Some parts of the American system have been relatively stable over the last few tumultuous years: companies are free to probe the limits of how much they can charge for food, housing and medical care, tech companies are woefully underregulated and financial crime and corruption are so widespread that it feels pointless to even acknowledge it. These are all policy choices. But, if human workers continue to lose jobs to AI fantasy, factories are offshored, larger and larger shares of money are piled into the Silicon Valley furnace, and households find themselves less-able to afford basic necessities, then the market for new cars will probably shrink. If the costs of running a hospitality business continue to rise while people increasingly cut back on expenses like food and travel, if healthcare costs continue to rise … you get it. It’s a gloomy picture for car makers trying to fend off competition in the form of very good and very cheap Chinese cars, that again, cannot really be kept out of America. 
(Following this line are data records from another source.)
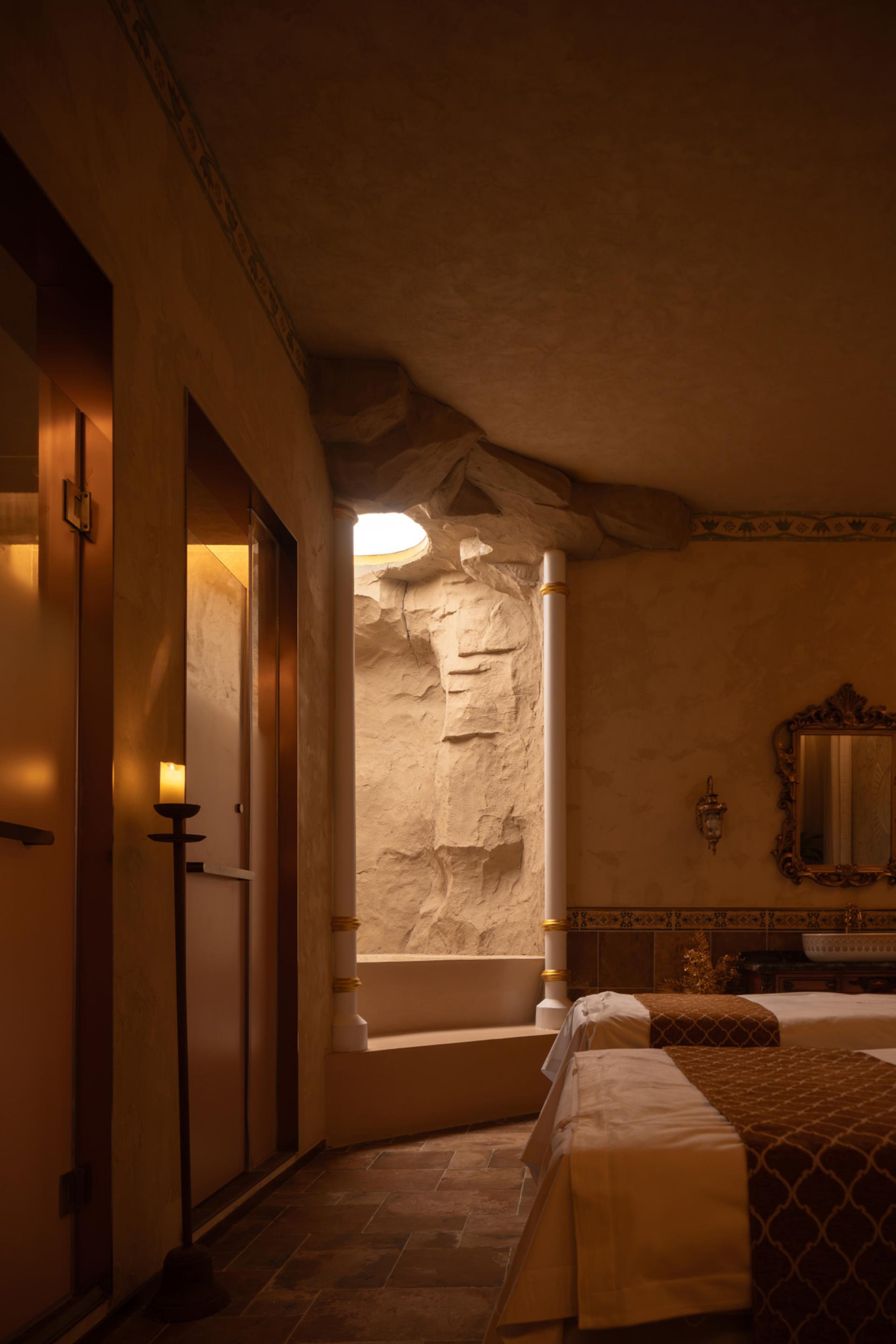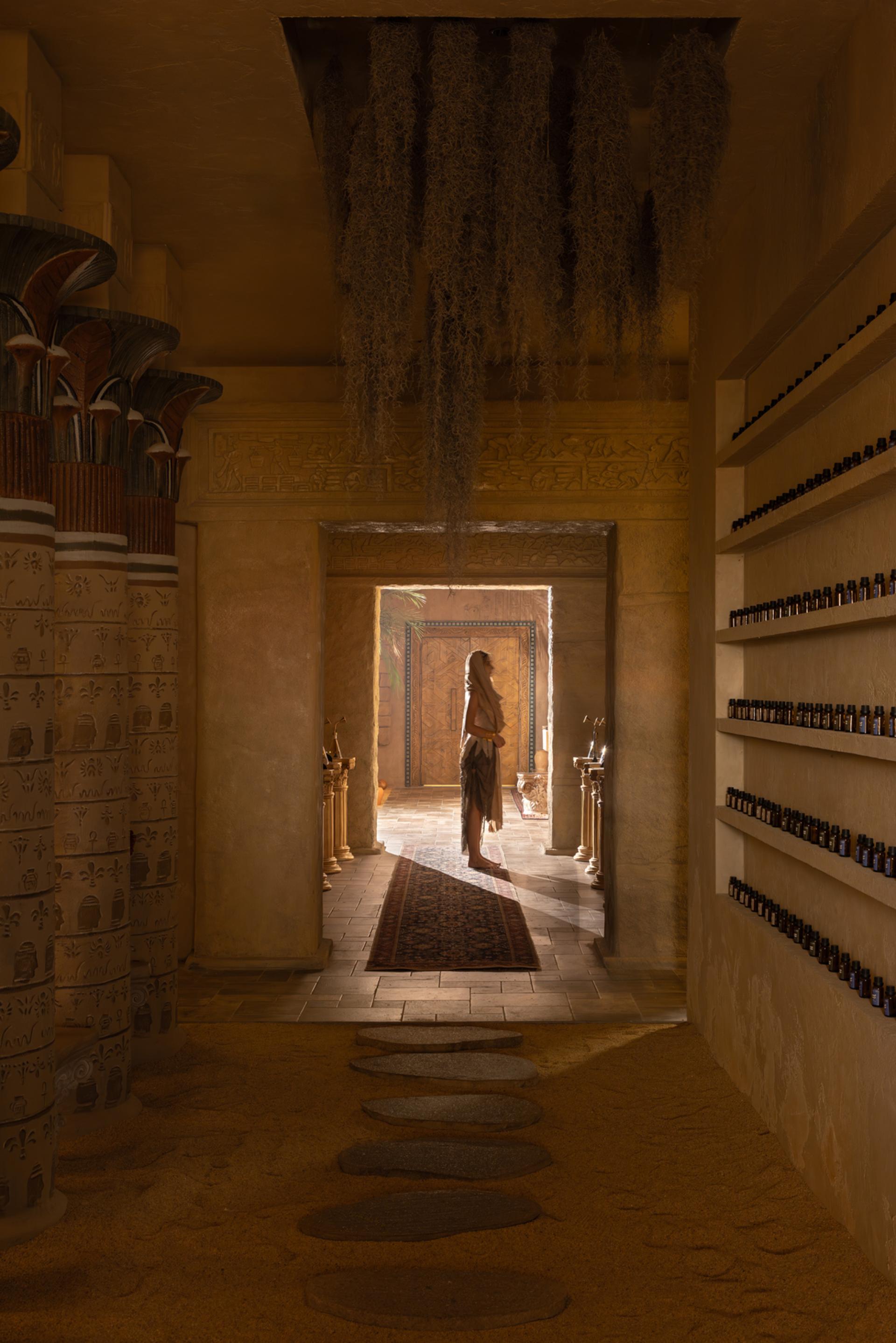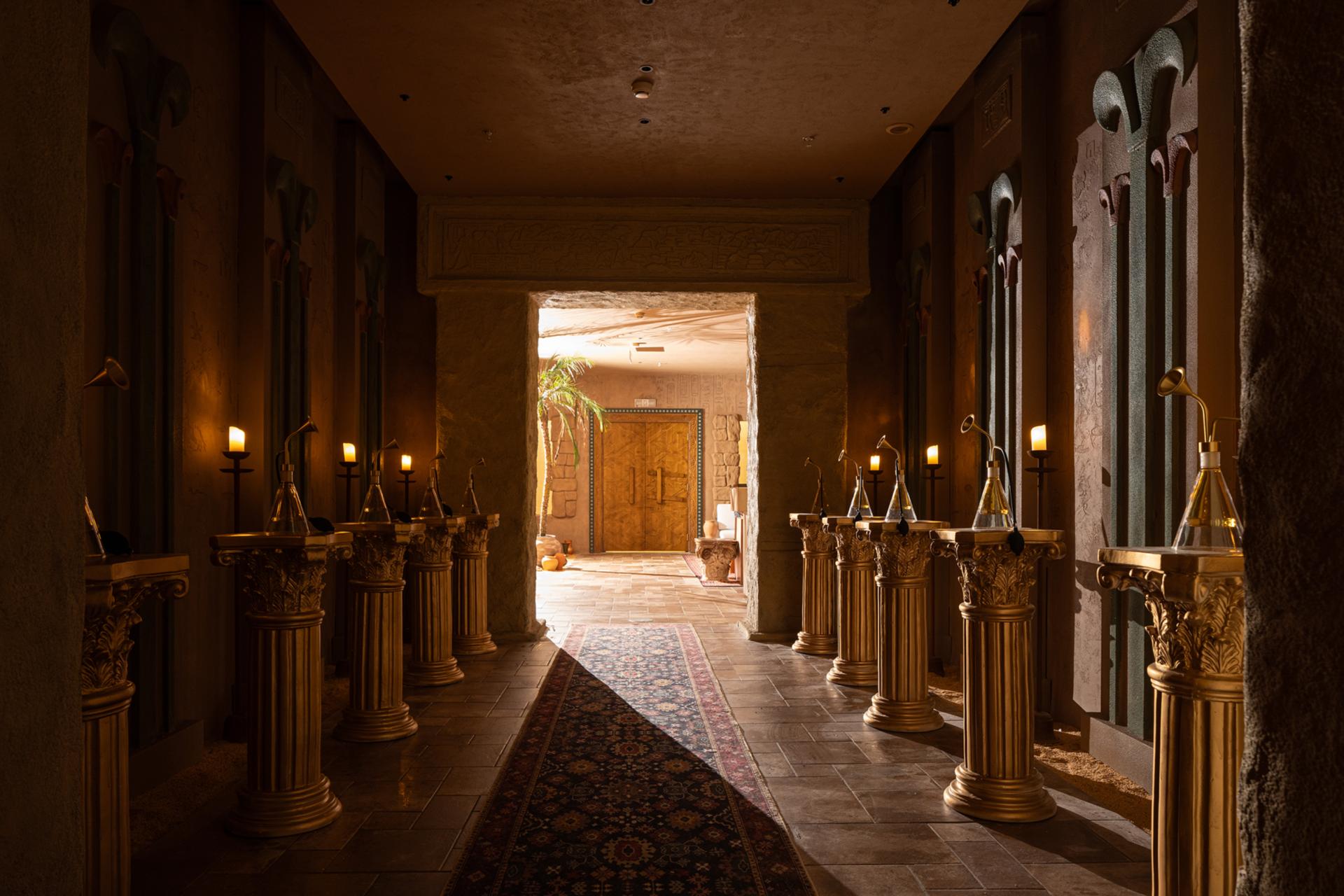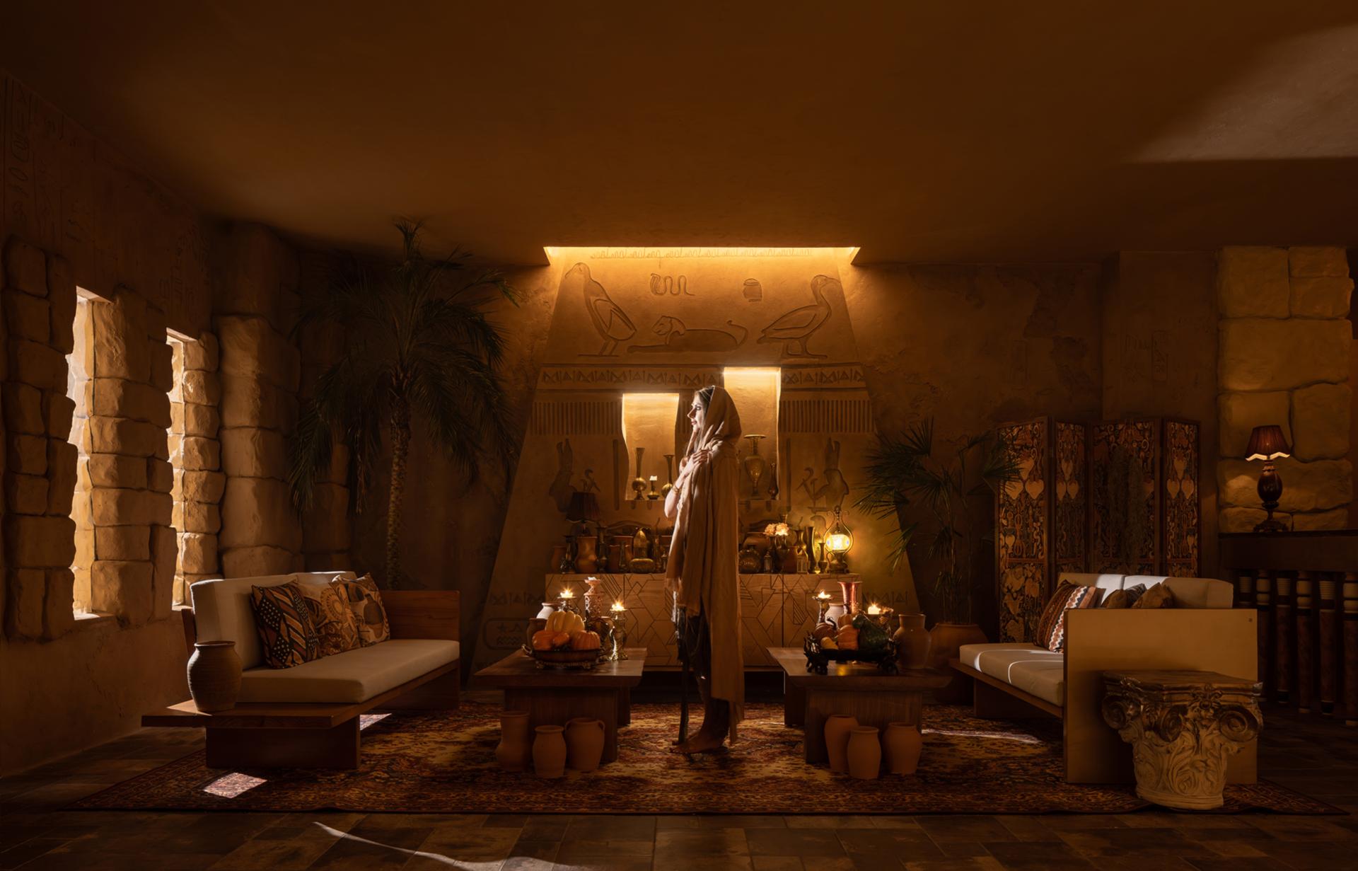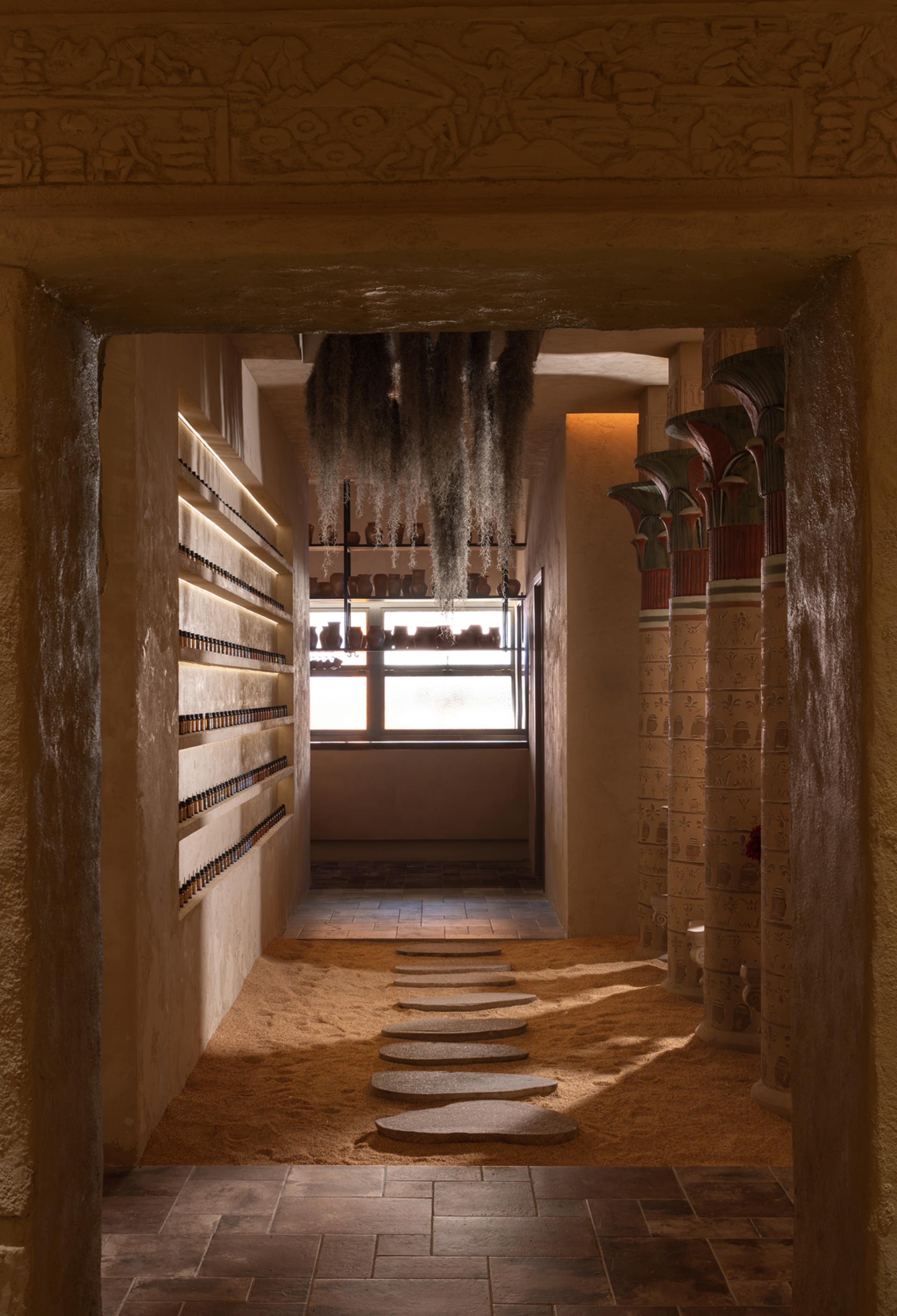 The main colors are gold and orange, creating a luxurious and warm atmosphere. Exposed stones. In order to restore the real sense of touch, the soft decoration team purchased hundreds of ancient bronzes and pottery pots, showing the unique charm of ancient craftsmanship. Exquisite candlestick lamps emit soft light and shadow, further rendering the mystery of the space. Acupuncture and palms add a touch of natural vitality to the space, making the overall environment full of the richness of ancient Egyptian culture.
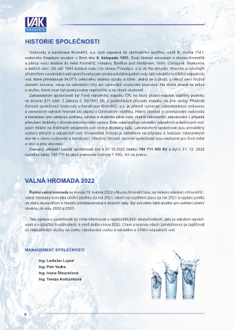 činnosti společnosti Vodovody a kanalizace Kroměříž, a.s. je přesně vymezen zakladatelskou smlouvou
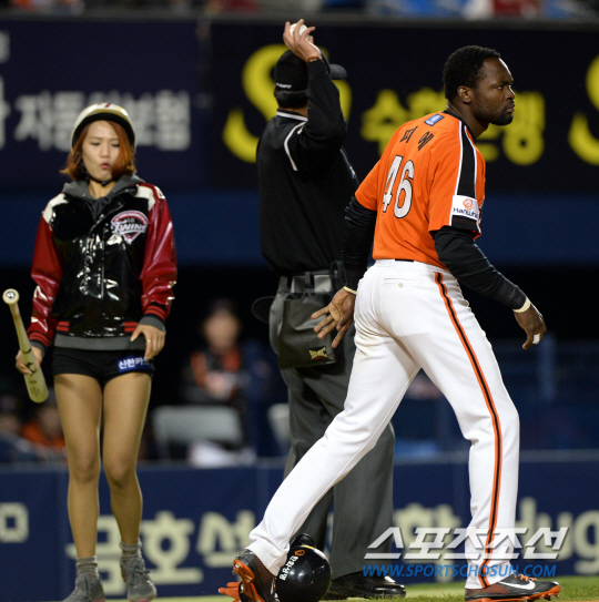한화의 '악동' 피에가 퇴장을 당했다. 7일 잠실구장에서 열린 LG와의 경기, 6-5로 뒤진 5회초 2사 2루 상황, 타석에 들어선 피에는 LG 정현욱의 투구에 삼진판정을 받았다. 피에는 주심의 판정에 납득이 가지 않는 듯 한참을 타석을 떠나지 못하다 배트와 장갑을 그라운드 바닥에 던져놓았고 이를 본 박기택 주심이 수비를 위해 외야로 나가던 피에를 다시 불러 퇴장명령을 내렸다. 잠실=허상욱 기자 wook@sportschosun.com
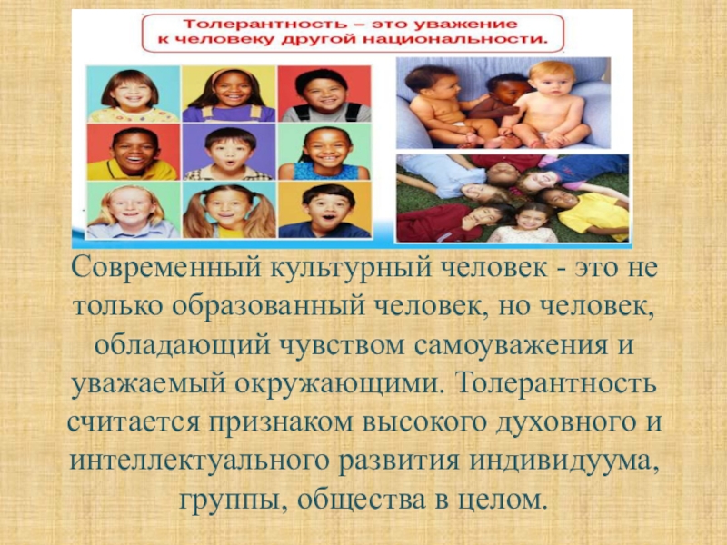 обладающий чувством самоуважения и уважаемый окружающими. Толерантность считается признаком высокого духовного и интеллектуального развития индивидуума, группы, общества в целом.
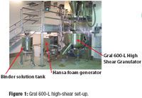 Granulation is one of most important unit operations involved in solid dosage form manufacturing and several granulation technologies have been developed. Traditionally, an aqueous solution of a binder is sprayed on the powder during mixing in a granulator. In 2003, The Dow Chemical Company (Midland, MI) introduced foam technology for delivering aqueous binder systems in high-shear and fluid-bed wet granulation applications (1) (see Figure 1). A foam generator can be set up with a binder solution tank and high-sheer granulator to introduce the binder as a foam rather than spraying or pouring in binder onto a moving powder bed. Last year, Pharmaceutical Technology published an article discussing the scale-up of foam granulation technology in a high-shear process (2) (see Figures 2, 3). As a follow-up to that discussion, Paul Sheskey, research and development leader at Dow, provides an update on foam granulation, including process challenges the company has encountered from industry and future applications of the technology.

This is to say nothing of the looming climate catastrophe and its attendant sub-catastrophes. Maybe I’m being a doomer; maybe it’ll be fine. 

Am I suggesting that car companies should reconsider their policy priorities or reorient themselves toward policies that put more Americans in a position to buy new cars? I am not, and I would not presume to tell car companies how to lobby or do business. I’m sure the people in charge spend time thinking about these forces and are making plans to adjust their businesses to accommodate them in the long term. Again, car companies are going to pursue whatever policies stand to generate the best quarterly results. That’s their job. It is not the job of car companies to ensure that there’s a middle class in America.

Even so, it’s a strange thing to have American industry threatened by the long-term consequences of the very policies that have benefitted them over the last several decades. Can the car business in America survive a situation where a smaller and smaller subset of Americans can afford a car? Can it survive in the face of rapidly degrading power infrastructure? Can it survive whipsaw regulatory shifts and supply chain disruptions? Can it survive when a competitor brings great cars to market at prices that are impossible to match? I guess we’ll see.